**EXCERPTED RECORDS**.
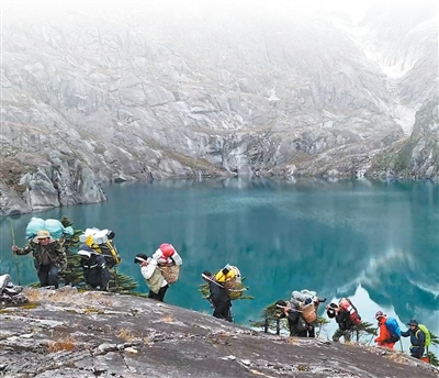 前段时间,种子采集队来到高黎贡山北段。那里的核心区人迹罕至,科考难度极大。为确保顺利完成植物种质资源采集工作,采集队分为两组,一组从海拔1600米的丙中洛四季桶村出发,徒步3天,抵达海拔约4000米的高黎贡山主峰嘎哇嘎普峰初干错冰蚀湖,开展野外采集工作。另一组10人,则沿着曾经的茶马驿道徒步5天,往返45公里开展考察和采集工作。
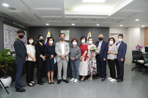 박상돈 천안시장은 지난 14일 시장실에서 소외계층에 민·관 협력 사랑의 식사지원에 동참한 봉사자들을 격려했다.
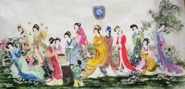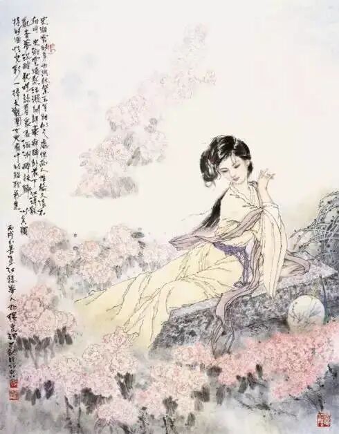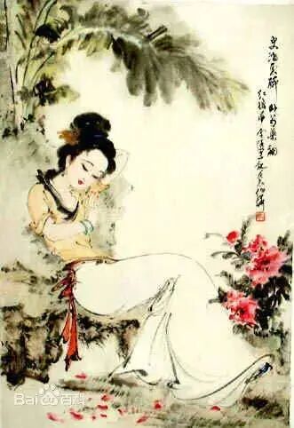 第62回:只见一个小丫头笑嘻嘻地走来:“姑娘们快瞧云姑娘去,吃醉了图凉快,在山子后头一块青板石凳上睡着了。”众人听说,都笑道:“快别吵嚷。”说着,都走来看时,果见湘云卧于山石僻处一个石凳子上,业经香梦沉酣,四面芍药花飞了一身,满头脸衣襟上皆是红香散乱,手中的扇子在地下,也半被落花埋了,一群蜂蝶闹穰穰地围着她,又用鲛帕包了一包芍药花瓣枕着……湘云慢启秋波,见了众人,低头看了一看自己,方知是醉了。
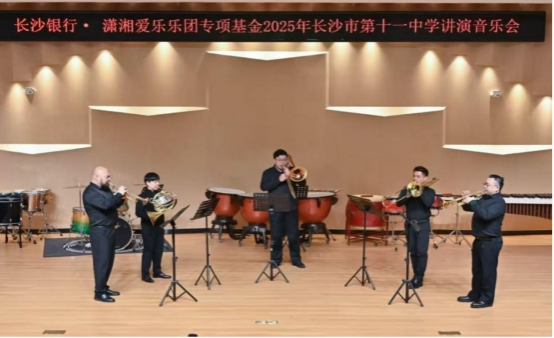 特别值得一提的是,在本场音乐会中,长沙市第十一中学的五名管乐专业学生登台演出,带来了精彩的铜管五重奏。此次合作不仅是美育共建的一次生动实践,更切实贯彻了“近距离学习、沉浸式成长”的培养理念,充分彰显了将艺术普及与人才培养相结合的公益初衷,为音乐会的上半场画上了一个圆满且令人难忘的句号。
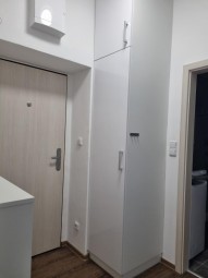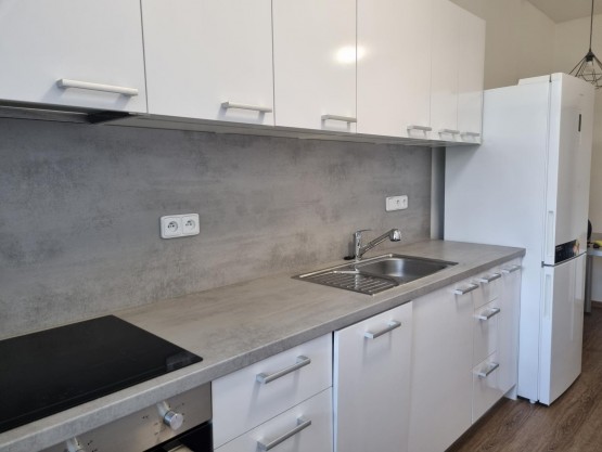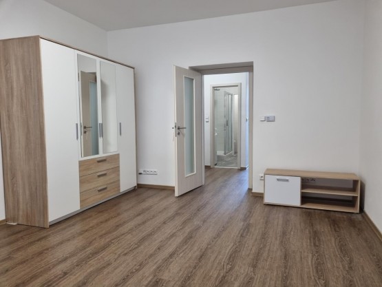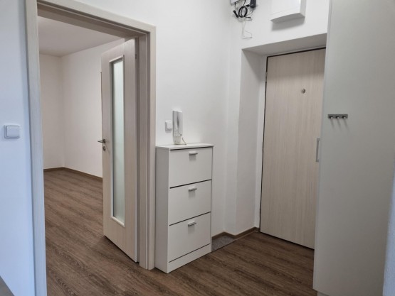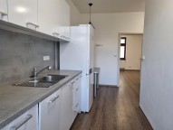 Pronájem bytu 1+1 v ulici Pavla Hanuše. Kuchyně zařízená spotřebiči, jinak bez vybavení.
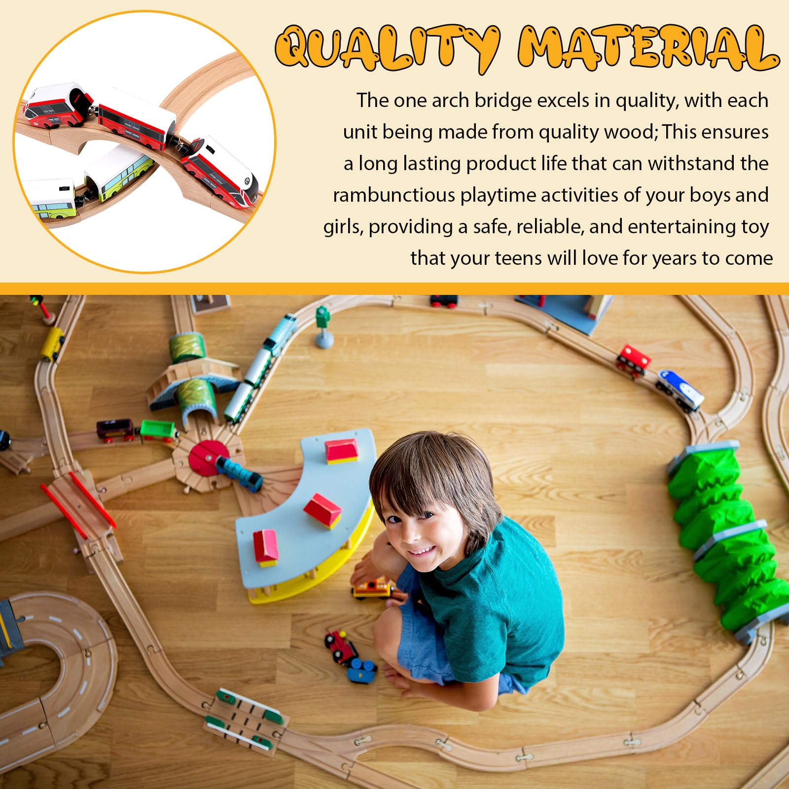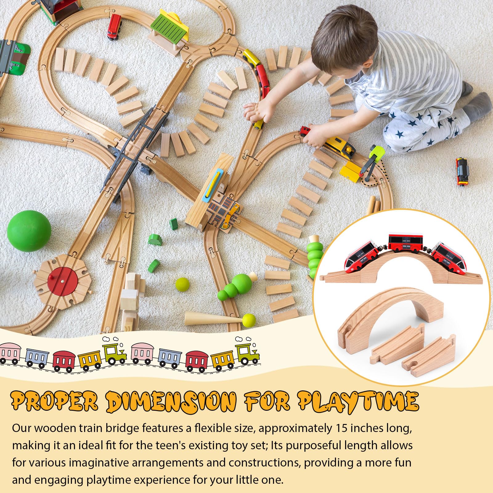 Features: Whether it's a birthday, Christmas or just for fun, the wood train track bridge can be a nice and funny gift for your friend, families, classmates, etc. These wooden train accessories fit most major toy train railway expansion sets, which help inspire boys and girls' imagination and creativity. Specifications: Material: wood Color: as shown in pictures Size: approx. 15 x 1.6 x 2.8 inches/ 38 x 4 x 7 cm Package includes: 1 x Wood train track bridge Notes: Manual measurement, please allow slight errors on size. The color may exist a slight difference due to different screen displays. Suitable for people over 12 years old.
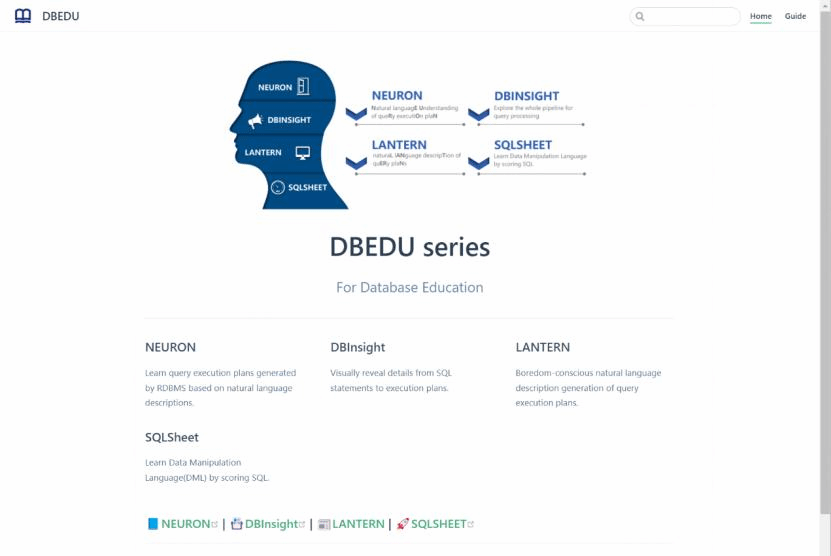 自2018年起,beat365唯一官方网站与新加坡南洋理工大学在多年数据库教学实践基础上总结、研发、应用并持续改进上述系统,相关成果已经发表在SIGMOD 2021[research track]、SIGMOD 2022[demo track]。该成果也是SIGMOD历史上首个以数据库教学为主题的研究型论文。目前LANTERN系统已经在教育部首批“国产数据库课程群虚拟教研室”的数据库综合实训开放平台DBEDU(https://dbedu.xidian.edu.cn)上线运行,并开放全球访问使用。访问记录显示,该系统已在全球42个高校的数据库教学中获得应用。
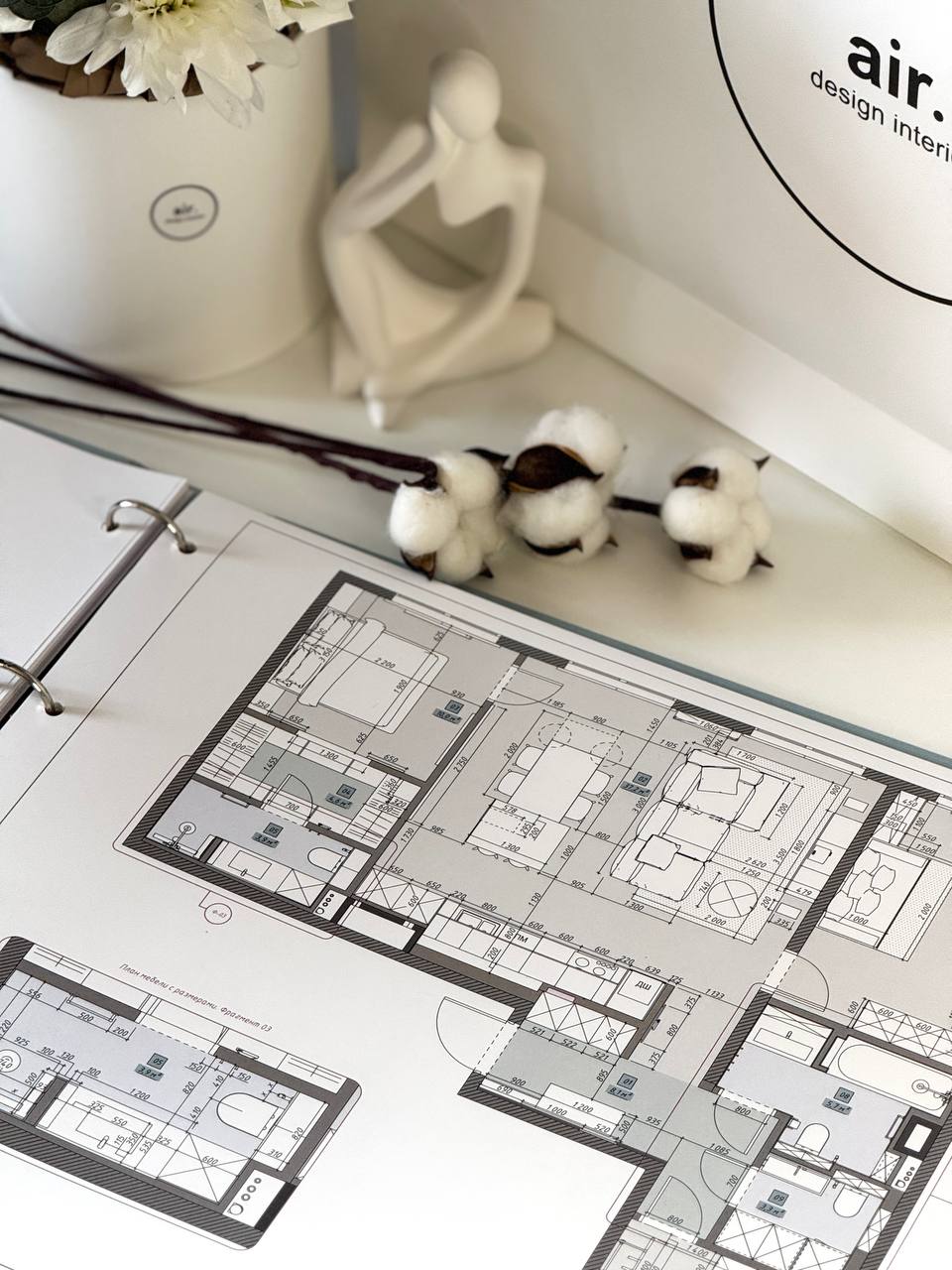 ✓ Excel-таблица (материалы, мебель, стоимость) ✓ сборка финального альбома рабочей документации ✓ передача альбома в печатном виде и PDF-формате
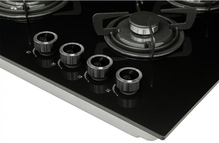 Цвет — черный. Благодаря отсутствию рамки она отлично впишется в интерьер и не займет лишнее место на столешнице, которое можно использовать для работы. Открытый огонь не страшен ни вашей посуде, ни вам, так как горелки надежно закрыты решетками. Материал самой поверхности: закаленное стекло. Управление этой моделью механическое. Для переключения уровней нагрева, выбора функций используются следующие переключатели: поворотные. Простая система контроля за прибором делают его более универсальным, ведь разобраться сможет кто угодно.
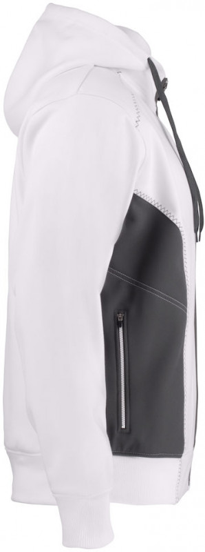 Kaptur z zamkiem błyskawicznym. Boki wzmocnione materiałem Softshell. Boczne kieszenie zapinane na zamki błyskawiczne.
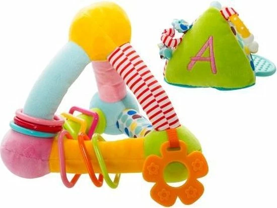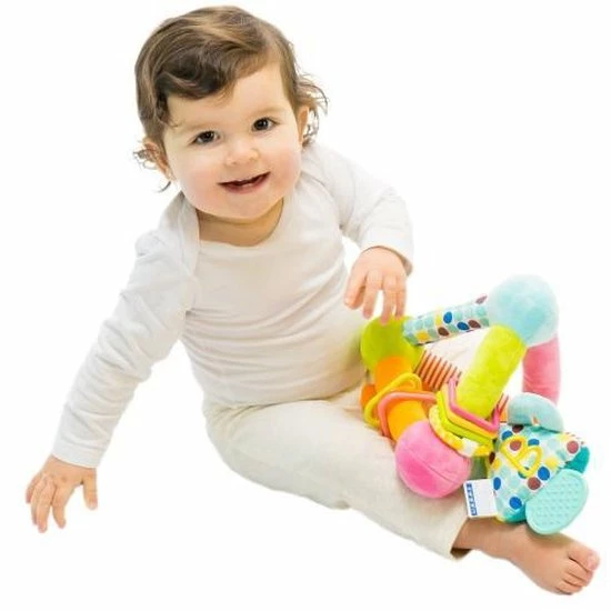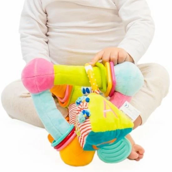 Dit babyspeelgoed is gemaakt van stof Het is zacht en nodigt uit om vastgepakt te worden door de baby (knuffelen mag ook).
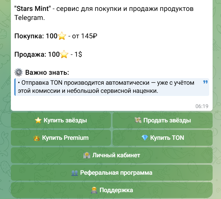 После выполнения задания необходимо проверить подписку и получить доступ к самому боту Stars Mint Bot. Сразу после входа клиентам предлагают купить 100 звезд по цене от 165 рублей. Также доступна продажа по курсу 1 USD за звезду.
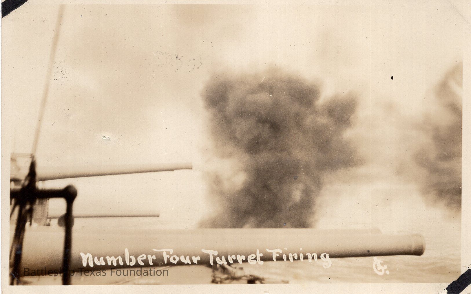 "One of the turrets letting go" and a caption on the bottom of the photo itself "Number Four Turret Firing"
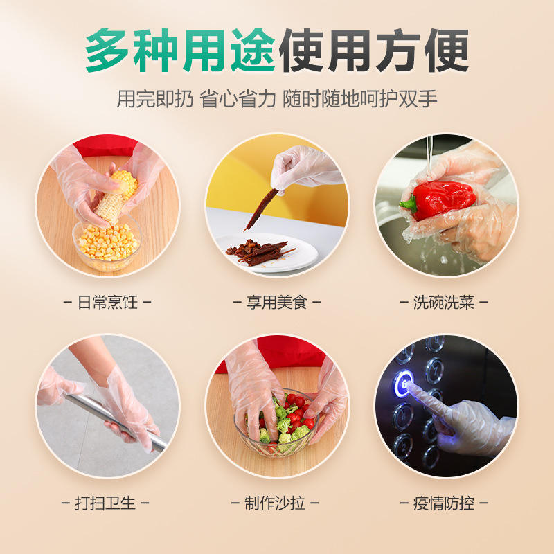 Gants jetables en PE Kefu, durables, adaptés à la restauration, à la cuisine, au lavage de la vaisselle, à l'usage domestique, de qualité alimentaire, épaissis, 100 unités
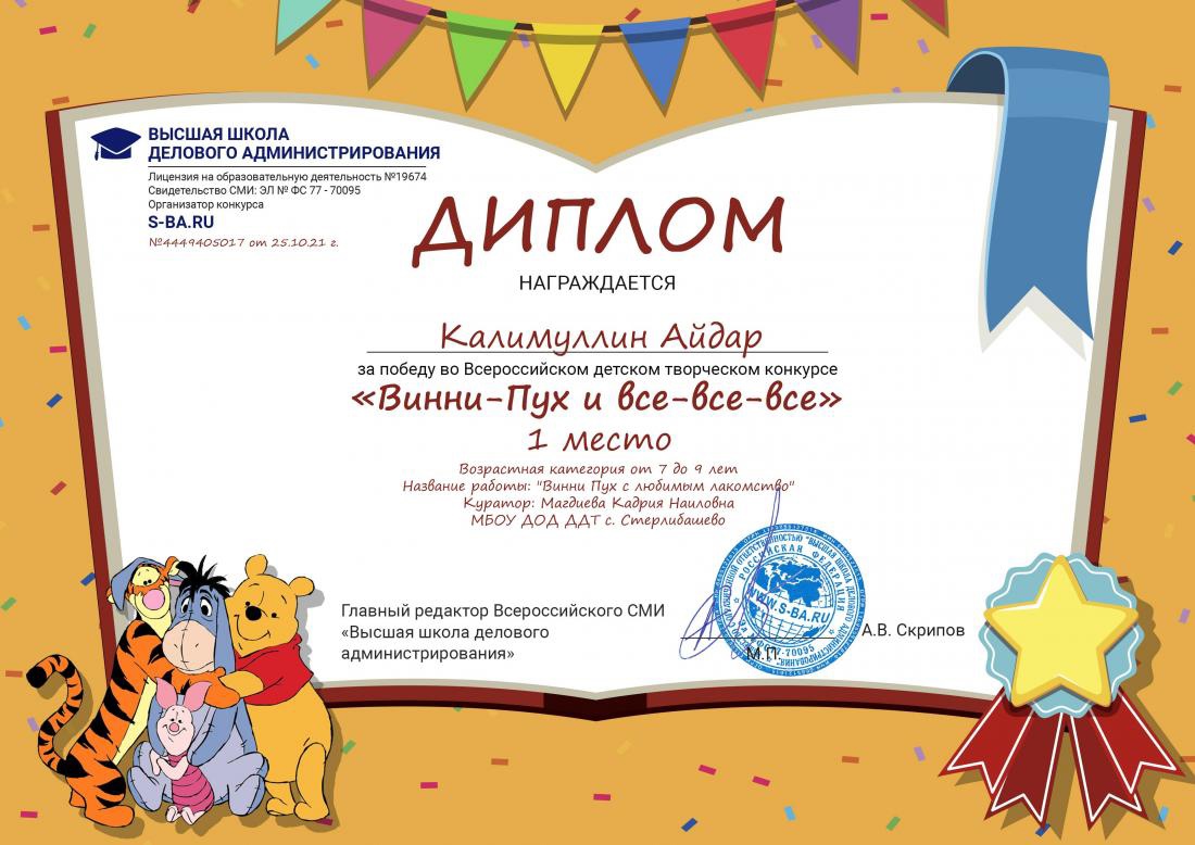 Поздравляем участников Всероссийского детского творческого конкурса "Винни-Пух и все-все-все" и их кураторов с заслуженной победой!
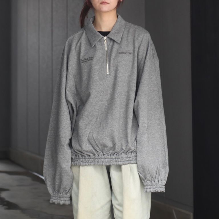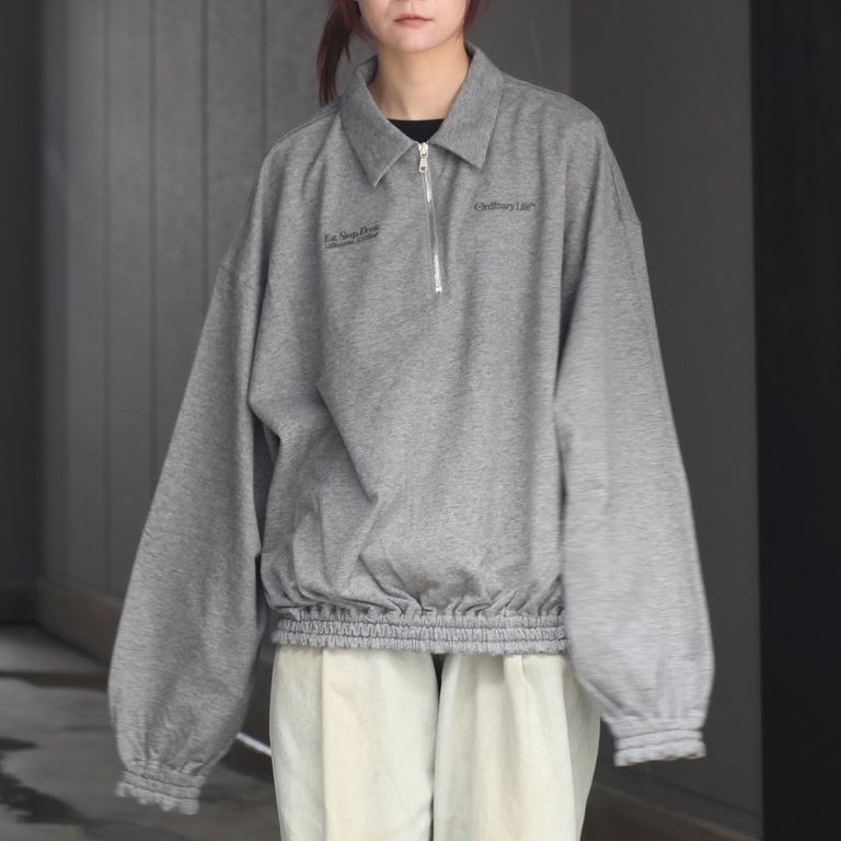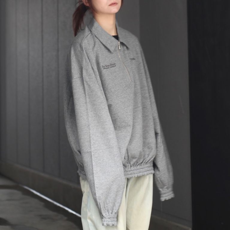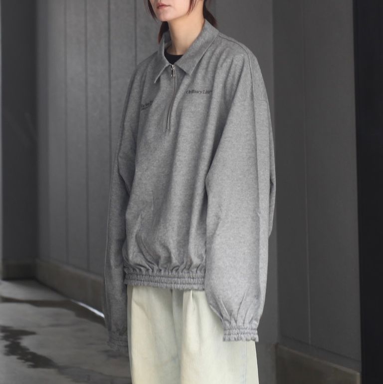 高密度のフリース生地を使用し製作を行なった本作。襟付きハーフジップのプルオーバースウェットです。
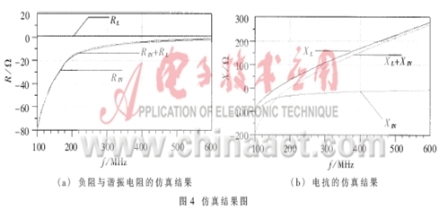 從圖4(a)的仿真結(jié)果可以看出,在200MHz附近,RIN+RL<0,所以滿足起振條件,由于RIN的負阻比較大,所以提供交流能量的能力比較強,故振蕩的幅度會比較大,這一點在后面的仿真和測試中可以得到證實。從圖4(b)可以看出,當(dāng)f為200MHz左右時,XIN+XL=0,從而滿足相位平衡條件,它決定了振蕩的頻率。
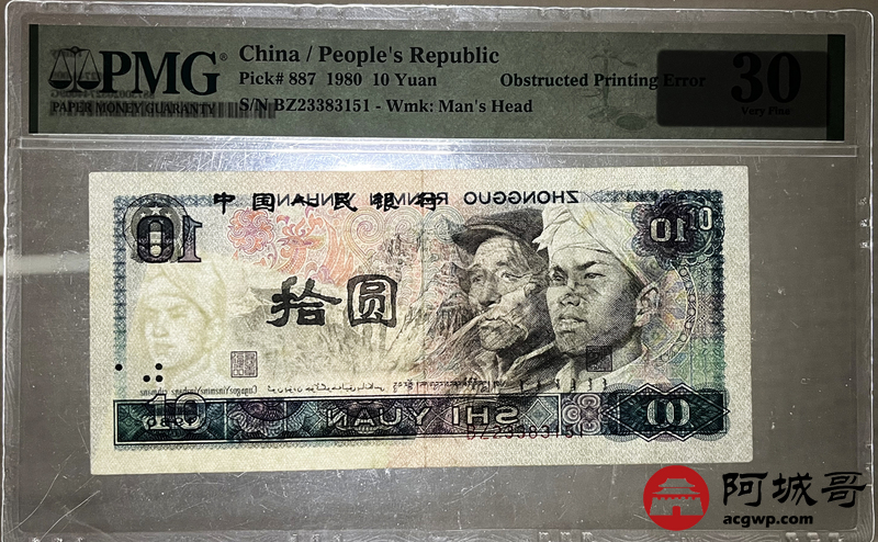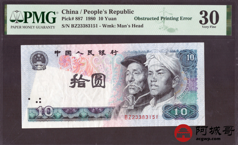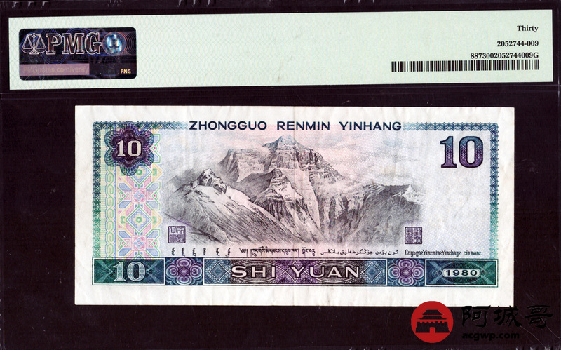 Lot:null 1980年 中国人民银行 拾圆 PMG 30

**WORK TASK**.
The expected output is the exact run of lines from the one containing "Цвет — черный." through the final line of the data above, both ends included, with no pictures.

**WRITTEN RESPONSE**.
 Цвет — черный. Благодаря отсутствию рамки она отлично впишется в интерьер и не займет лишнее место на столешнице, которое можно использовать для работы. Открытый огонь не страшен ни вашей посуде, ни вам, так как горелки надежно закрыты решетками. Материал самой поверхности: закаленное стекло. Управление этой моделью механическое. Для переключения уровней нагрева, выбора функций используются следующие переключатели: поворотные. Простая система контроля за прибором делают его более универсальным, ведь разобраться сможет кто угодно.
 Kaptur z zamkiem błyskawicznym. Boki wzmocnione materiałem Softshell. Boczne kieszenie zapinane na zamki błyskawiczne.
 Dit babyspeelgoed is gemaakt van stof Het is zacht en nodigt uit om vastgepakt te worden door de baby (knuffelen mag ook).
 После выполнения задания необходимо проверить подписку и получить доступ к самому боту Stars Mint Bot. Сразу после входа клиентам предлагают купить 100 звезд по цене от 165 рублей. Также доступна продажа по курсу 1 USD за звезду.
 "One of the turrets letting go" and a caption on the bottom of the photo itself "Number Four Turret Firing"
 Gants jetables en PE Kefu, durables, adaptés à la restauration, à la cuisine, au lavage de la vaisselle, à l'usage domestique, de qualité alimentaire, épaissis, 100 unités
 Поздравляем участников Всероссийского детского творческого конкурса "Винни-Пух и все-все-все" и их кураторов с заслуженной победой!
 高密度のフリース生地を使用し製作を行なった本作。襟付きハーフジップのプルオーバースウェットです。
 從圖4(a)的仿真結(jié)果可以看出,在200MHz附近,RIN+RL<0,所以滿足起振條件,由于RIN的負阻比較大,所以提供交流能量的能力比較強,故振蕩的幅度會比較大,這一點在后面的仿真和測試中可以得到證實。從圖4(b)可以看出,當(dāng)f為200MHz左右時,XIN+XL=0,從而滿足相位平衡條件,它決定了振蕩的頻率。
 Lot:null 1980年 中国人民银行 拾圆 PMG 30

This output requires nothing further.